-- The data follows --

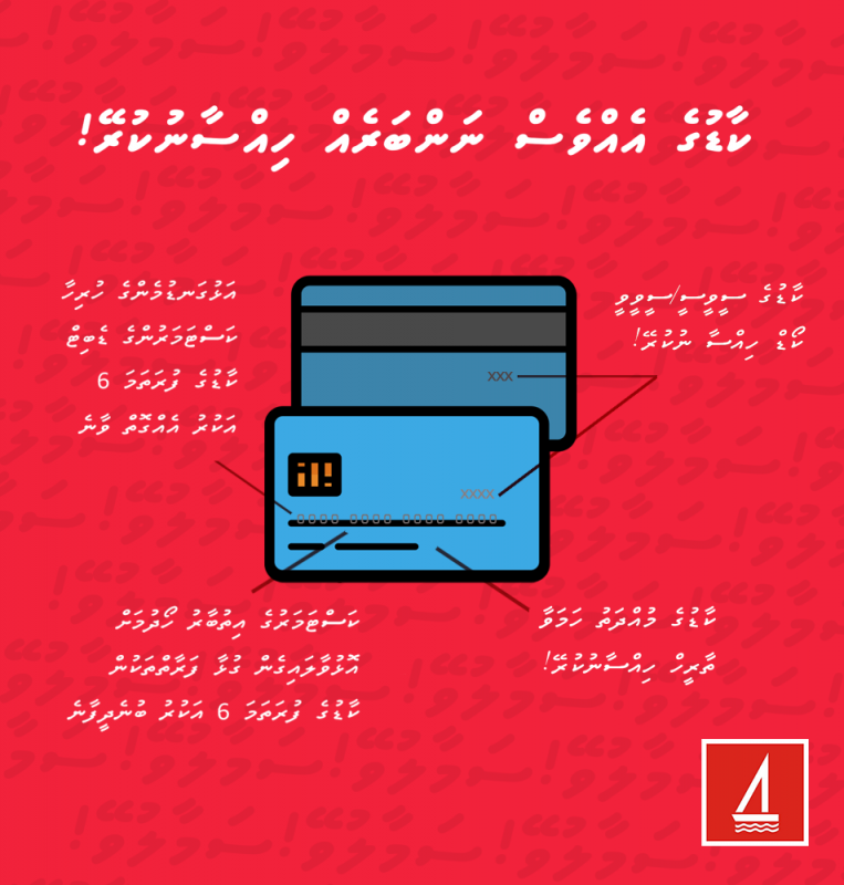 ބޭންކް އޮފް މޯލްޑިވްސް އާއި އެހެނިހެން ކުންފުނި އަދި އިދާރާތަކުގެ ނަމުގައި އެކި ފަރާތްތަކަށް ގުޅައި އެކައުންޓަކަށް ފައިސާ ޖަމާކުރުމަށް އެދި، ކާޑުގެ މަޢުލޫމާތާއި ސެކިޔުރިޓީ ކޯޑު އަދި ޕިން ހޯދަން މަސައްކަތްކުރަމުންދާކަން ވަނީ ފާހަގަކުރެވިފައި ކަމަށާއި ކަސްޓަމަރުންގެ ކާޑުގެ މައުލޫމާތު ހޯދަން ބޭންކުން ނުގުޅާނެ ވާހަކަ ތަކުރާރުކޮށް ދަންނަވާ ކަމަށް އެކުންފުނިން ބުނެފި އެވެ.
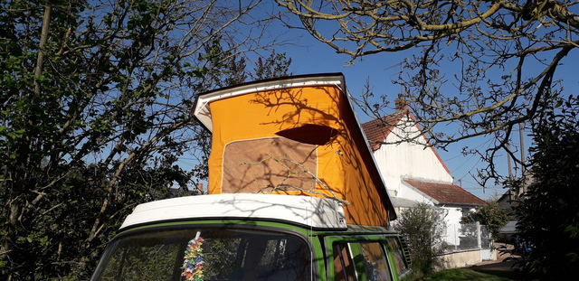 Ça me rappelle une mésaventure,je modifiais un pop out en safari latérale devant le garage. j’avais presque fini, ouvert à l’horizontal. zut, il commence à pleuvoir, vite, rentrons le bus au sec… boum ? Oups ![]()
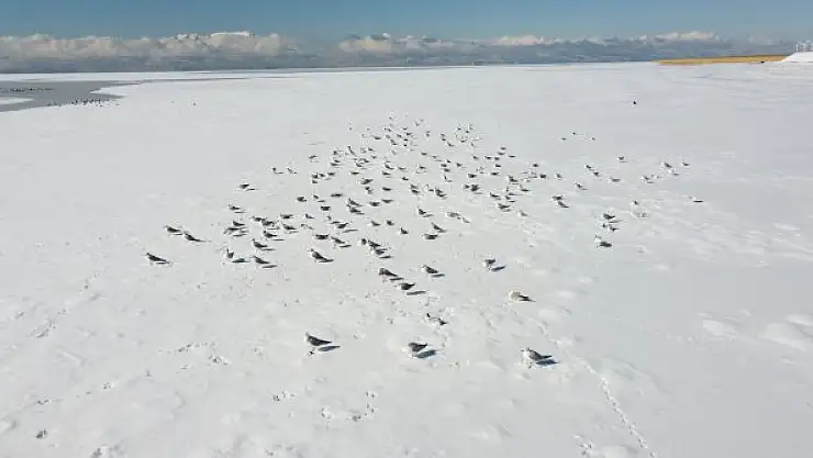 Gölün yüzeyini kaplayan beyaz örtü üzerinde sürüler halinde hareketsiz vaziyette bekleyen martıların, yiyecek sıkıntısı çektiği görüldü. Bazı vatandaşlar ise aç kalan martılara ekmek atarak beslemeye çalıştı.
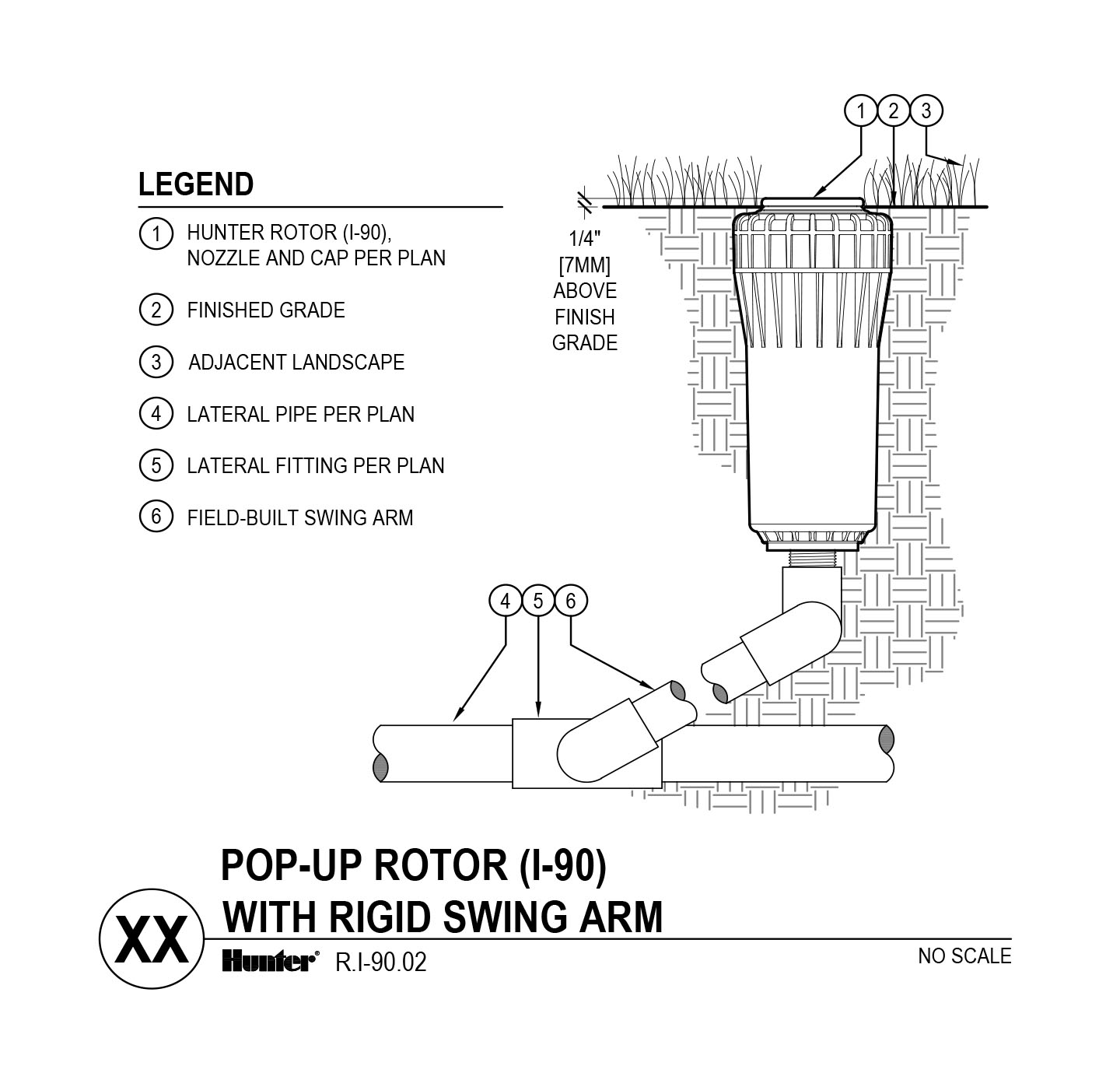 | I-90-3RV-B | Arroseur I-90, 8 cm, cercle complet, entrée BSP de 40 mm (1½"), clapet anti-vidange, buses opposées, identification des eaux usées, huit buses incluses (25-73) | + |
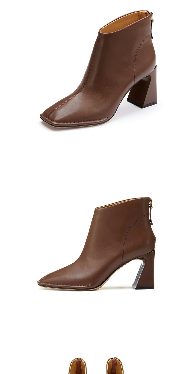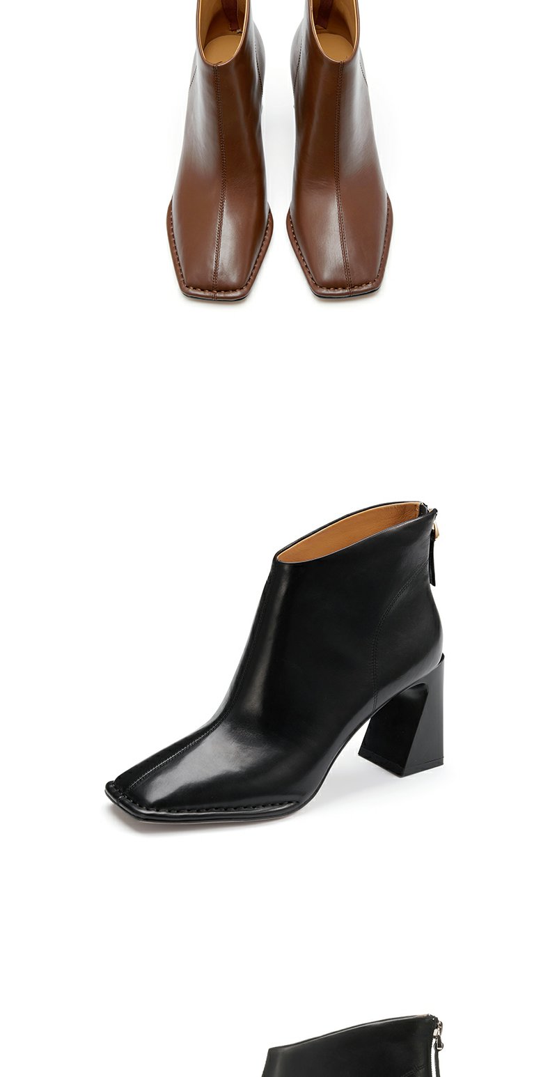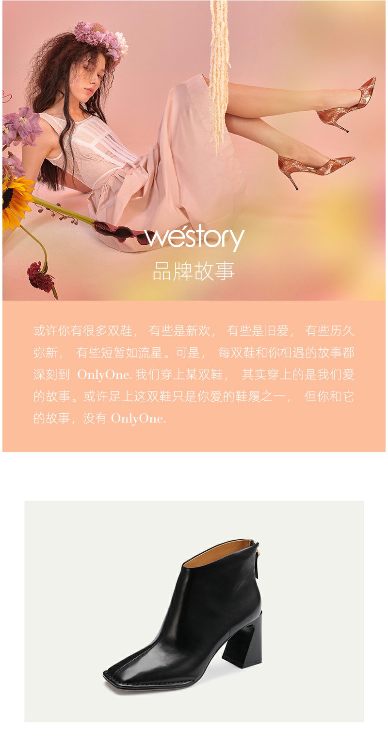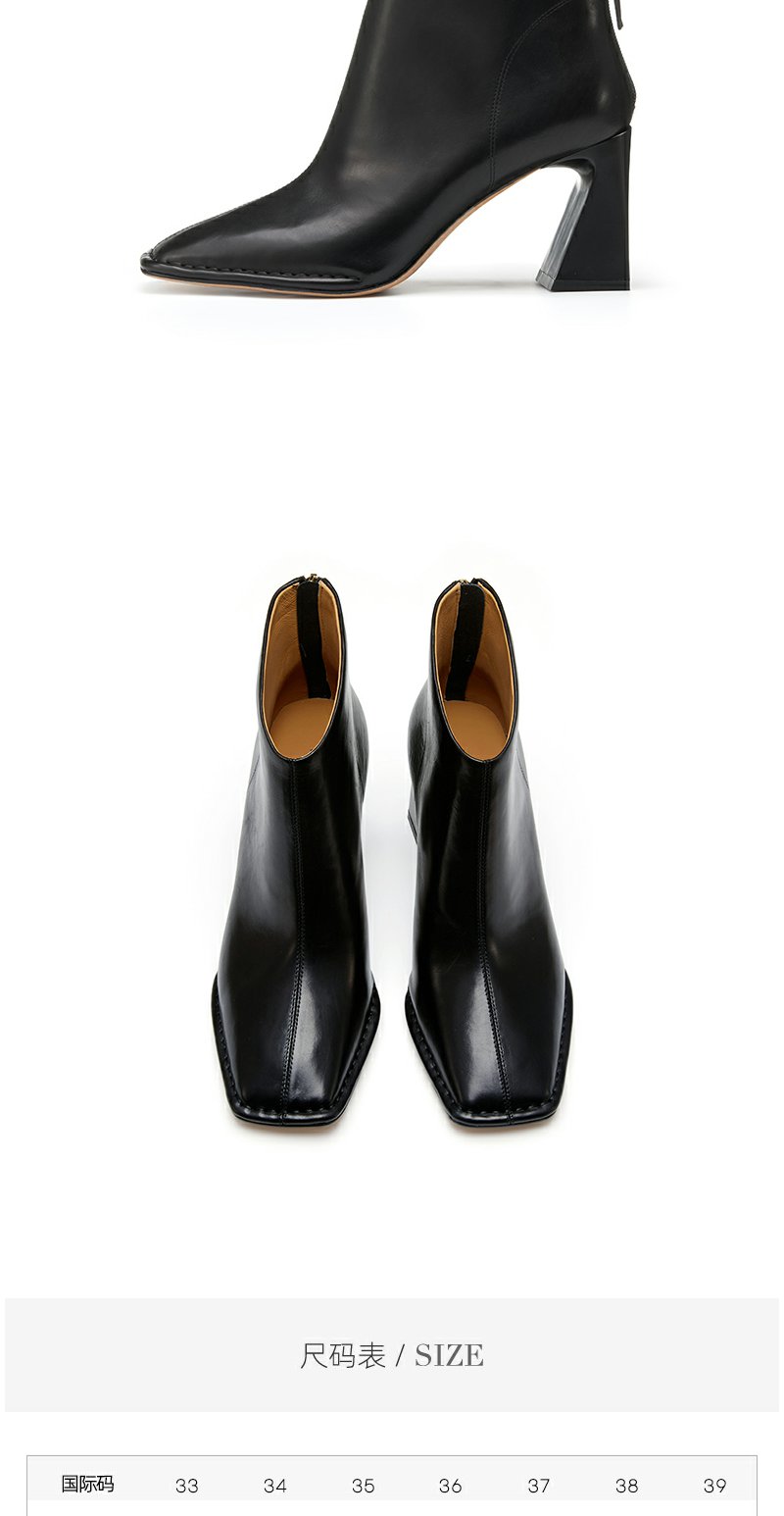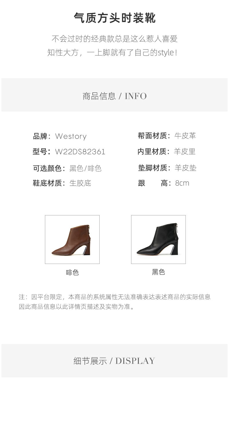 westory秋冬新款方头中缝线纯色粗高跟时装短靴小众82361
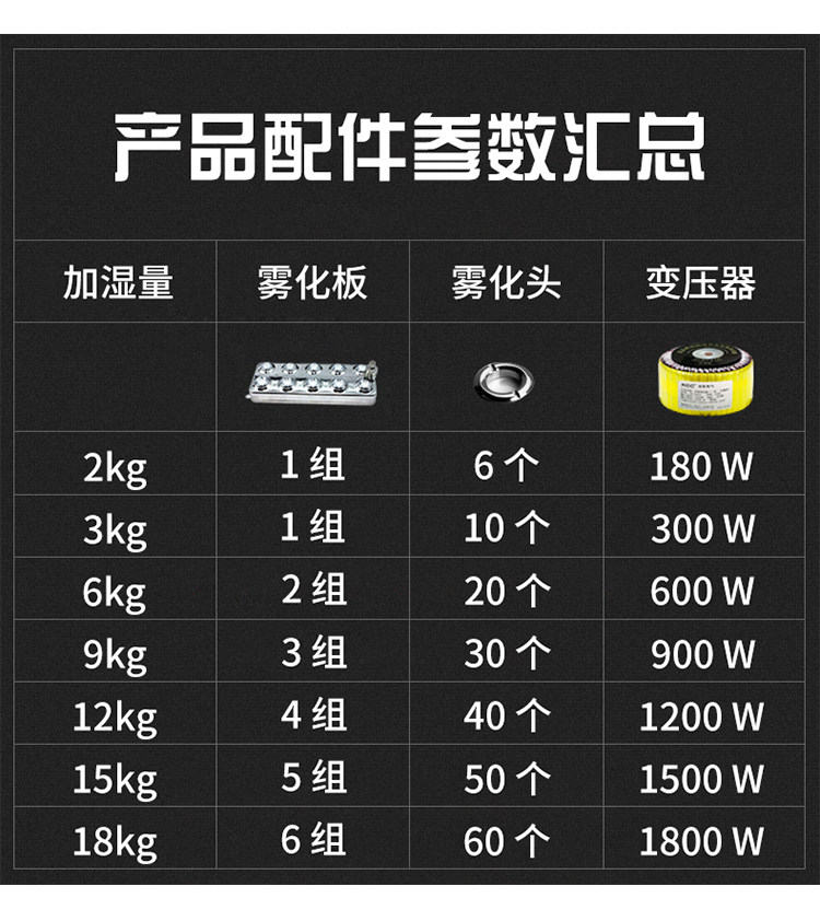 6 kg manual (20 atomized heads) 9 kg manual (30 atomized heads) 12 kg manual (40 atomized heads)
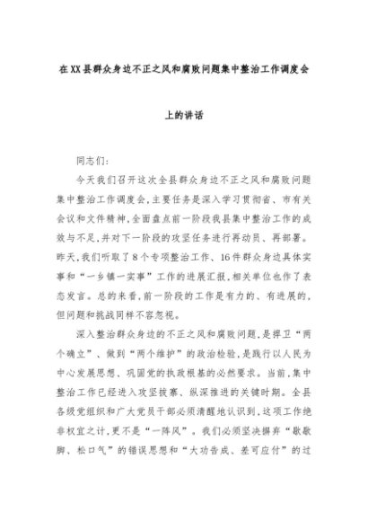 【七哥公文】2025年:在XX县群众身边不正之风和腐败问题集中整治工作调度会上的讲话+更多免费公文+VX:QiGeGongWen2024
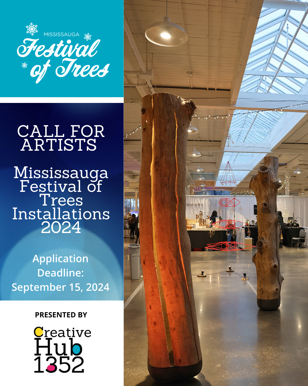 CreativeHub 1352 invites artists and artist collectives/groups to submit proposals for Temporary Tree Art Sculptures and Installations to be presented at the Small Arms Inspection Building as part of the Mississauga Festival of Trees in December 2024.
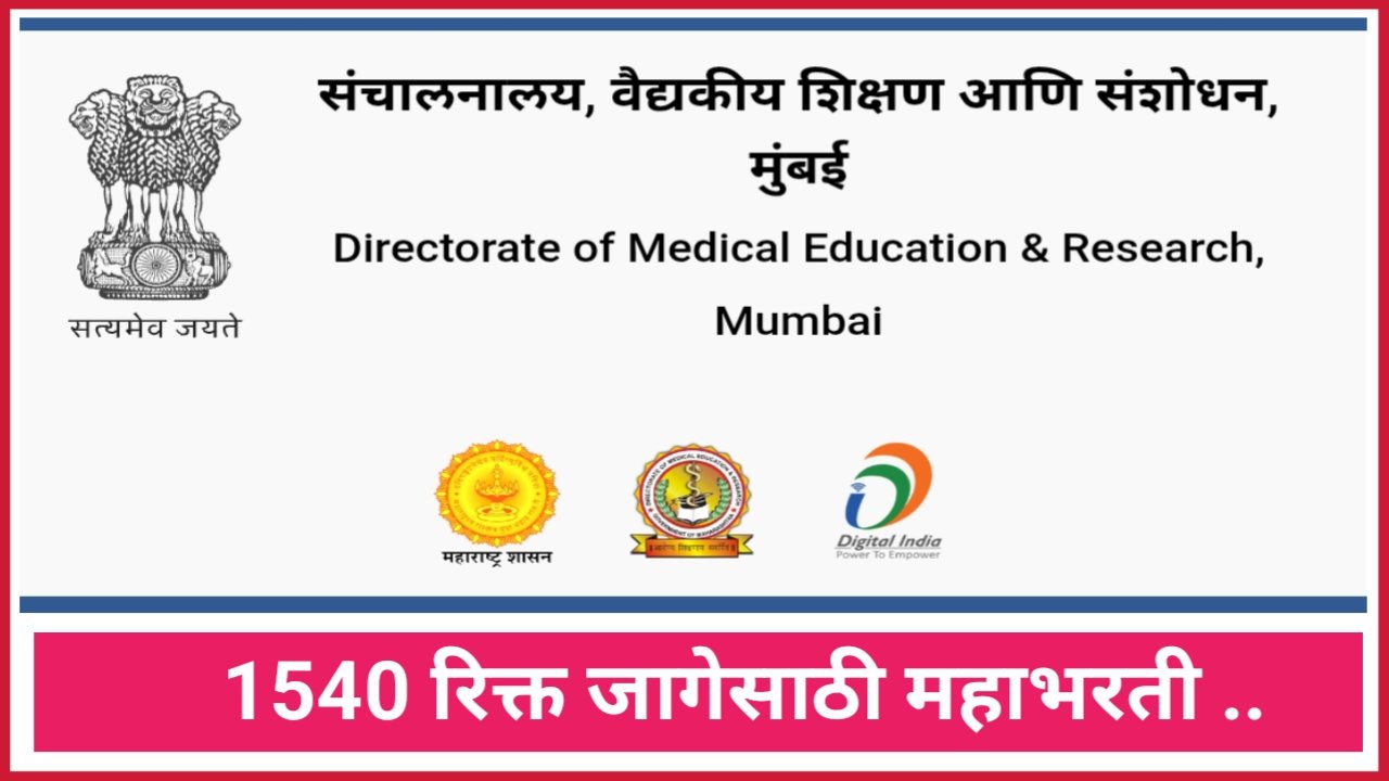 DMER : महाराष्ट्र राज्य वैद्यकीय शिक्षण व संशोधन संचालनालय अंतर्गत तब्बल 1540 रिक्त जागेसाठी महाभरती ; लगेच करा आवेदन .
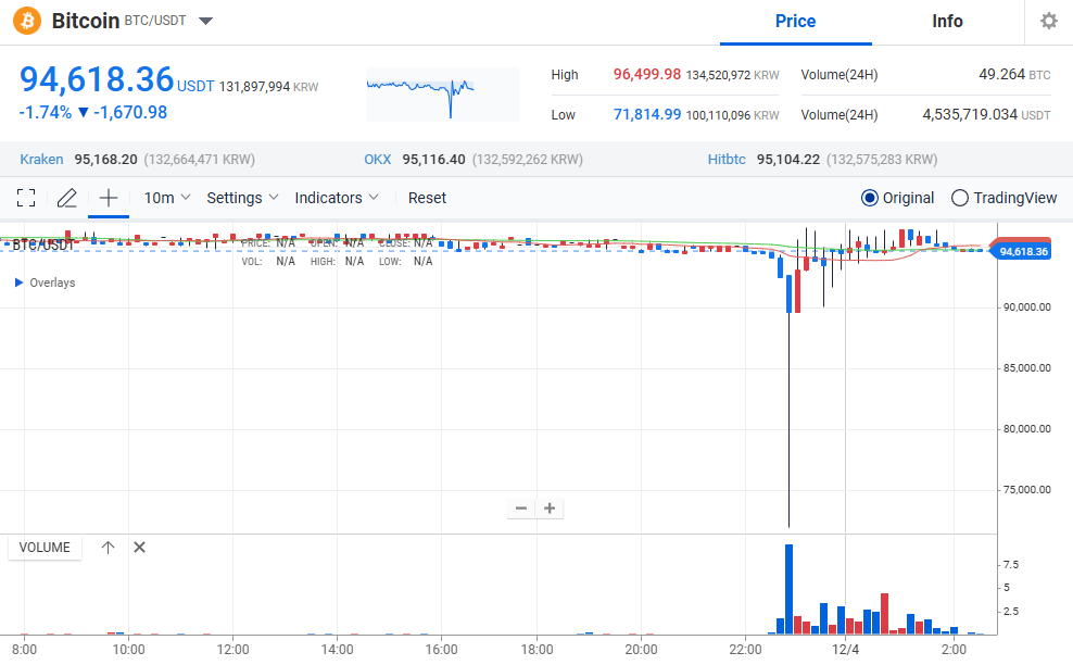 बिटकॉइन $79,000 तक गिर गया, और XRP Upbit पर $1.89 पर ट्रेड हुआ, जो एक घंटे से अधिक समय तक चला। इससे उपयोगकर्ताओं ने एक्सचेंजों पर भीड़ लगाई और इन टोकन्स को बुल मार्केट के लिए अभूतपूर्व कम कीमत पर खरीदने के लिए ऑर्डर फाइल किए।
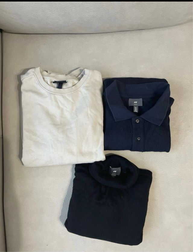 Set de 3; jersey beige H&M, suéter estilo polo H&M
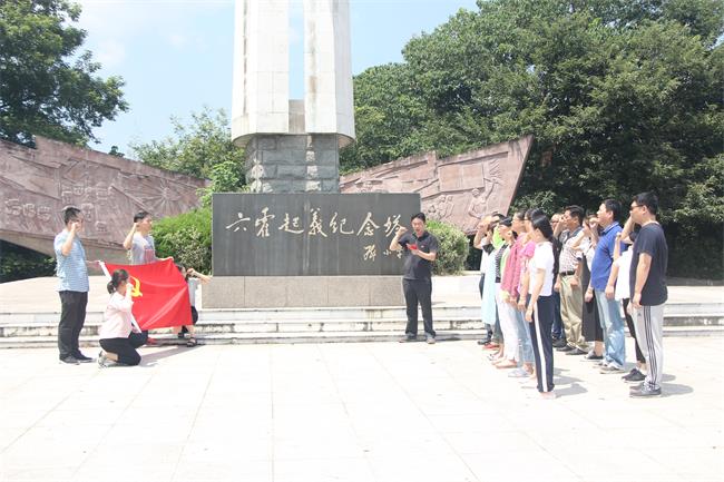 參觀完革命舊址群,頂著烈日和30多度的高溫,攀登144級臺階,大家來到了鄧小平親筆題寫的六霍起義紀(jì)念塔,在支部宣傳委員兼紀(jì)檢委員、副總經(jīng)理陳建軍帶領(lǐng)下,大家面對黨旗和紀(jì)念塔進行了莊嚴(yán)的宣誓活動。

-- The data concluded --

* What you will do
Copy exactly the lines from the line that has "6 kg manual" through the last line of the entries above, inclusive, and no others. Pictures do not go in the copy.

* Result of the exercise
 6 kg manual (20 atomized heads) 9 kg manual (30 atomized heads) 12 kg manual (40 atomized heads)
 【七哥公文】2025年:在XX县群众身边不正之风和腐败问题集中整治工作调度会上的讲话+更多免费公文+VX:QiGeGongWen2024
 CreativeHub 1352 invites artists and artist collectives/groups to submit proposals for Temporary Tree Art Sculptures and Installations to be presented at the Small Arms Inspection Building as part of the Mississauga Festival of Trees in December 2024.
 DMER : महाराष्ट्र राज्य वैद्यकीय शिक्षण व संशोधन संचालनालय अंतर्गत तब्बल 1540 रिक्त जागेसाठी महाभरती ; लगेच करा आवेदन .
 बिटकॉइन $79,000 तक गिर गया, और XRP Upbit पर $1.89 पर ट्रेड हुआ, जो एक घंटे से अधिक समय तक चला। इससे उपयोगकर्ताओं ने एक्सचेंजों पर भीड़ लगाई और इन टोकन्स को बुल मार्केट के लिए अभूतपूर्व कम कीमत पर खरीदने के लिए ऑर्डर फाइल किए।
 Set de 3; jersey beige H&M, suéter estilo polo H&M
 參觀完革命舊址群,頂著烈日和30多度的高溫,攀登144級臺階,大家來到了鄧小平親筆題寫的六霍起義紀(jì)念塔,在支部宣傳委員兼紀(jì)檢委員、副總經(jīng)理陳建軍帶領(lǐng)下,大家面對黨旗和紀(jì)念塔進行了莊嚴(yán)的宣誓活動。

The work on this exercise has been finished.